• Task brief
The line containing "Guests will enjoy" and each line after it, through the final line of the data, are to be retyped exactly, with pictures left out.

• Records to use

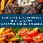 These burger bowls with caramelized onion aioli offer a delicious, low-carb alternative to the traditional burger. Featuring juicy ground beef served atop fresh romaine or mixed greens and topped with cherry tomatoes, avocado, red onion, cheddar cheese, and pickles, this meal is elevated by a creamy, savory homemade caramelized onion aioli. Perfect for weeknight dinners, meal prep, or anyone craving the rich flavors of a burger without the bun.
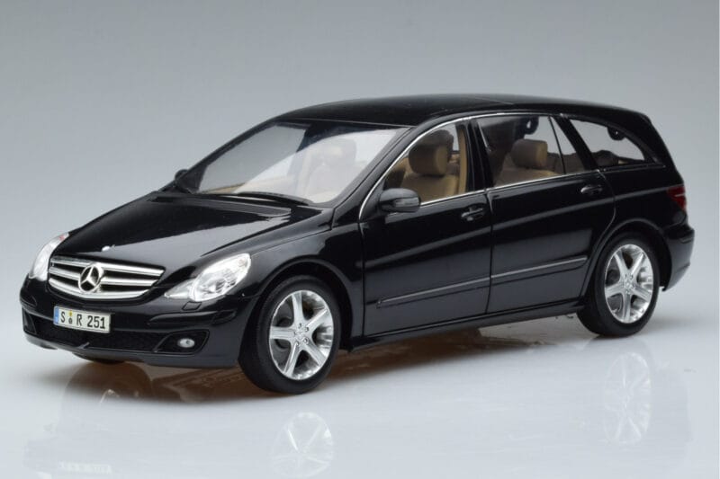 The Mercedes R-Class W251 Obsidian Black Minichamps 1:18 is crafted from Diecast. Die-cast zinc alloy body with detailed plastic parts, rubber tires, and high-quality paint finish. Die-cast models are known for their weight, durability, and realistic feel.
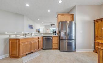 Guests will enjoy our lakefront balcony with seating to enjoy morning coffee or afternoon cocktails. There is an additional lower level patio with fire pit and extra seating to relax right by the lake. There is also a 4 burner Blackstone grill on the lower level for all your grilling needs.
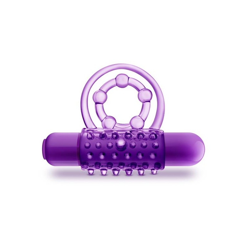 Tiene textura con protuberancias para una mayor estimulación, un anillo doble para el pene y los testículos, y una bala vibradora extraíble.
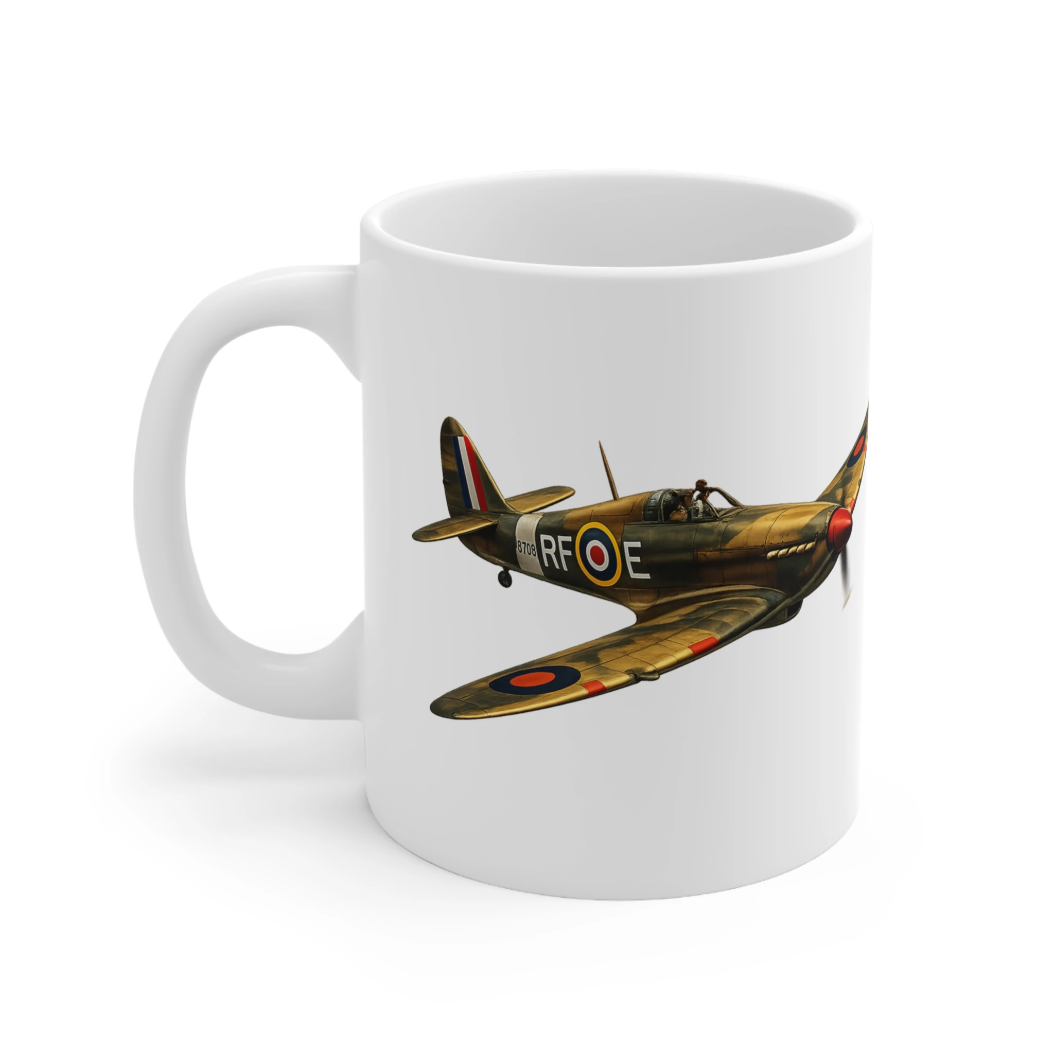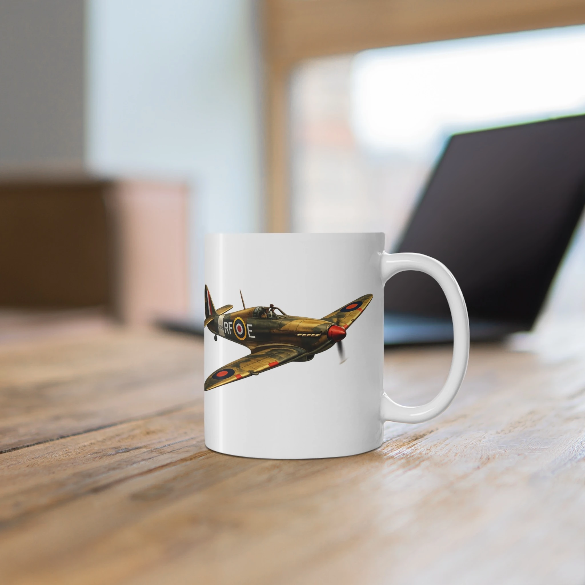 A striking WWII Hurricane mug featuring a clean aircraft cutout design from the RAF Legends collection. Perfect for aviation enthusiasts, military history fans, collectors, and unique gifts.
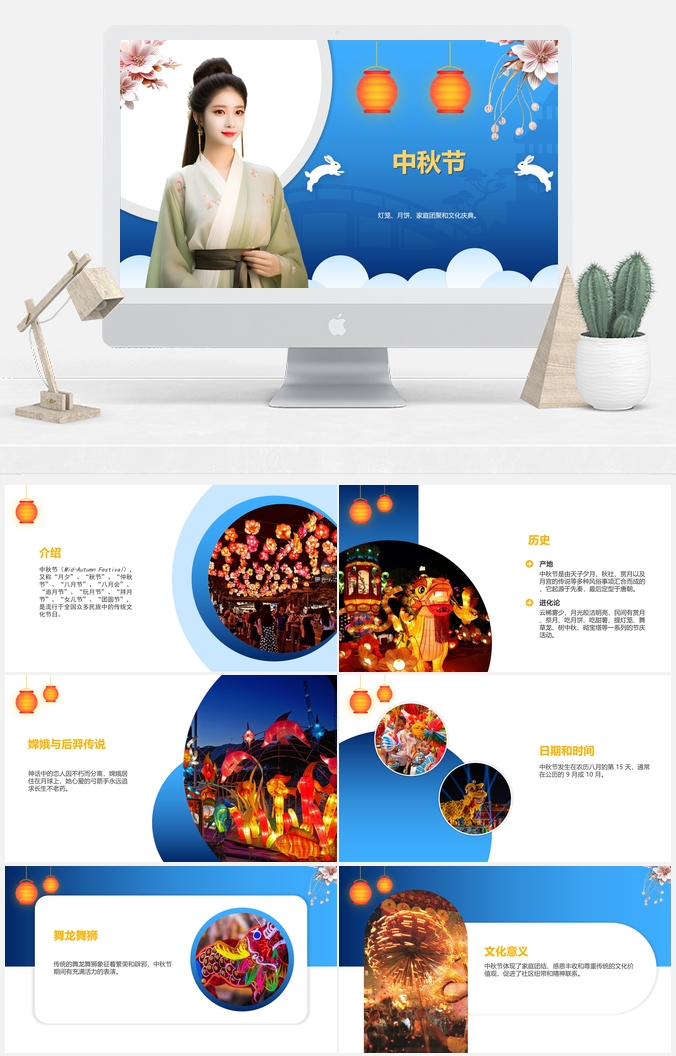本作品内容为蓝色卡通传统节日中秋节PPT模板下载,大小为65.16MB,作品为高清大图模板,格式为pptx, 属于中秋节模板,作品模板源文件下载后可用编辑替换,模板中如有人物画像仅供参考禁止商用。小Q办公网-提供简历,PPT,Word,Excel优质模板素材下载模版平台,拥有海量的工作总结、竞聘求职、年终颁奖、计划书等。 通过小Q办公网下载中秋节模板源文件编辑修改源文件文字和图片即可使用。

• Result for this task
 Guests will enjoy our lakefront balcony with seating to enjoy morning coffee or afternoon cocktails. There is an additional lower level patio with fire pit and extra seating to relax right by the lake. There is also a 4 burner Blackstone grill on the lower level for all your grilling needs.
 Tiene textura con protuberancias para una mayor estimulación, un anillo doble para el pene y los testículos, y una bala vibradora extraíble.
 A striking WWII Hurricane mug featuring a clean aircraft cutout design from the RAF Legends collection. Perfect for aviation enthusiasts, military history fans, collectors, and unique gifts.
本作品内容为蓝色卡通传统节日中秋节PPT模板下载,大小为65.16MB,作品为高清大图模板,格式为pptx, 属于中秋节模板,作品模板源文件下载后可用编辑替换,模板中如有人物画像仅供参考禁止商用。小Q办公网-提供简历,PPT,Word,Excel优质模板素材下载模版平台,拥有海量的工作总结、竞聘求职、年终颁奖、计划书等。 通过小Q办公网下载中秋节模板源文件编辑修改源文件文字和图片即可使用。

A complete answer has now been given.